Multiple scleosis and dating
Examination of the demyelinating lesions in the spinal cord and brain of patients with MS shows myelin loss, destruction of oligodendrocytes, and reactive astrogliosis, often with relative sparing of the axon cylinder.The location of lesions in the CNS usually dictates the type of clinical deficit that results.The T cell receptor recognizes antigen in the context of human leukocyte antigen molecule presentation and also requires a second event (ie, co-stimulatory signal via the B7-CD28 pathway, not shown) for T cell activation to occur.Activated microglia may release free radicals, nitric oxide, and proteases that may contribute to tissue damage.Antibodies against myelin also may be generated in the periphery or intrathecally.Ongoing inflammation leads to epitope spread and recruitment of other inflammatory cells (ie, bystander activation).For example, MS must be distinguished from other neuroinflammatory disorders (see DDx.) Treatment consists of immunomodulatory therapy for the underlying immune disorder and management of symptoms, as well as nonpharmacologic treatments, such as physical and occupational therapy (see Treatment).
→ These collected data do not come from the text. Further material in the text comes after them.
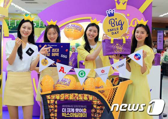 (서울=뉴스1) 구윤성 기자 = 16일 오전 서울 성동구 이마트 성수점에서 모델들이 G마켓·옥션의 할인 행사인 '빅스마일데이'를 알리고 있다.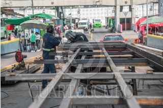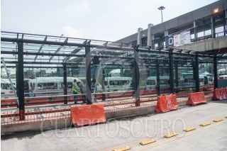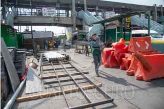 CIUDAD DE MÉXICO, 02JULIO2022.- Continúan los trabajos de instalación de estaciones provisionales en el Centro de Transferencia Modal (Cetram) Pantitlán previo al cierre en el tramo del metro que va hasta la estación Salto del Agua. Dicha ampliación contará con la zona abordaje de autobuses RTP, y ampliación de zona para Metrobús y Trolebús. FOTO: MARIO JASSO/CUARTOSCURO.COM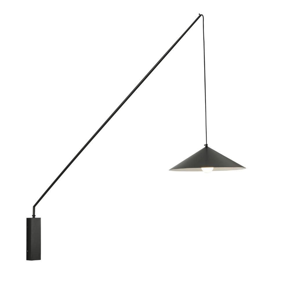 Czarny kinkiet Swing z długim ramieniem idealny nad sofę

(See Workup.) Traditionally, MS could not be diagnosed after only a single symptomatic episode, as diagnosis required the occurrence of repeat clinical attacks suggesting the appearance of lesions separated in time and space; however, recent guidelines allow diagnosis of MS even with a first clinical episode as long as ancillary tests support separation of lesions in time or space.Loss of myelin is demonstrated in this chronic plaque.Note that absence of inflammation may be demonstrated at the edge of chronic lesions.A common misconception is that any attack of CNS demyelination means a diagnosis of acute MS.When a patient has a first attack of demyelination, the physician should not rush to diagnose MS, because the differential diagnosis includes a number of other diseases.